SEED-SET: Scalable Evolving Experimental Design for System-level Ethical Testing¶
Basic Information¶
- Conference: ICLR 2026
- arXiv: 2603.01630
- Code: Project Page
- Area: AI Safety / Autonomous System Evaluation
- Keywords: Ethical Testing, Bayesian Experimental Design, Gaussian Process, LLM Evaluator, Autonomous Systems
TL;DR¶
This paper proposes SEED-SET, a framework that formulates ethical evaluation of autonomous systems as a hierarchical Bayesian experimental design problem, jointly integrating objective metrics and subjective value judgments to efficiently generate test cases with high ethical alignment under limited evaluation budgets.
Background & Motivation¶
State of the Field¶
Autonomous systems (e.g., drones, power grid distribution) are increasingly deployed in high-stakes domains, making ethical alignment evaluation critically important. Ethical assessment faces three major challenges:
Measurement difficulty: Ethical behaviors (fairness, social acceptability) lack ground-truth labels;
Subjectivity dependence: Value alignment varies across stakeholders and evolves over time, requiring continuous revision of static benchmarks;
Evaluation cost: Real-system evaluation is budget-constrained, making large-scale human feedback collection infeasible.

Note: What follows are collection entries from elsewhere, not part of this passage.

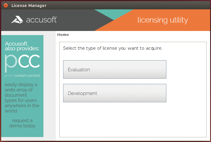 Once running, the License Manager will provide options for obtaining both Evaluation and Development licensing.
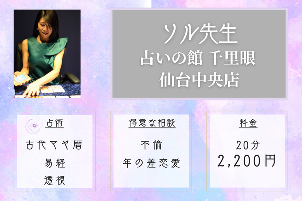 ソル先生は千里眼仙台中央店で人気の占い師で、透視とレイキヒーリングを組み合わせた独特な鑑定スタイルが特徴。
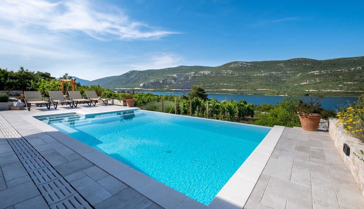 Villa con piscina infinita y jardín, Ston
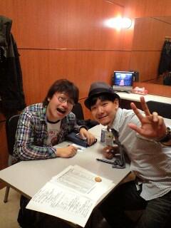 写真は楽屋で、ドラムスの河原井みつるさんと。
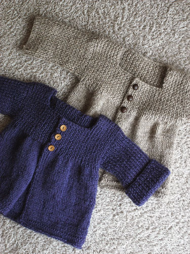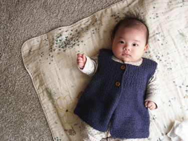 来年着れそうな大き目サイズのニットコートと、今から着れるベスト。
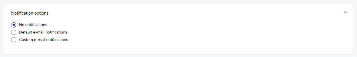 Go to the Advanced Options section at the bottom (scroll down if necessary) and expand it. Click the Notification options header to expand it. Each field and the available choices are explained below.

Limitations of Prior Work¶
- Rule-based ethical benchmarks rely on predefined criteria and lack specificity;
- RL/RLHF-based methods assume abundant simulation or expert annotations, requiring large sample sizes;
- Preference-based methods and large-scale human studies focus on only a single dimension.
Mechanism¶
The framework jointly models objective metrics (e.g., fire damage, grid cost) and subjective preferences (stakeholder ethical judgments), efficiently generating test scenarios via hierarchical Gaussian processes and Bayesian experimental design.
Method¶
Overall Architecture¶
SEED-SET (Scalable Evolving Experimental Design for System-level Ethical Testing) comprises three components:
- Hierarchical Variational Gaussian Process (HVGP) as the surrogate model
- Joint acquisition strategy for adaptive test case generation
- LLM agent as a substitute for human preference evaluation
1. Problem Formulation¶
Given a black-box autonomous system \(\mathcal{S}_\pi\) and scenario space \(\mathcal{X}\), the ethical compliance function is decomposed into:
- Objective layer: \(f_{\text{obj}}: \mathcal{X} \to \mathcal{Y}\), mapping scenario parameters to measurable metrics (cost, resilience, etc.)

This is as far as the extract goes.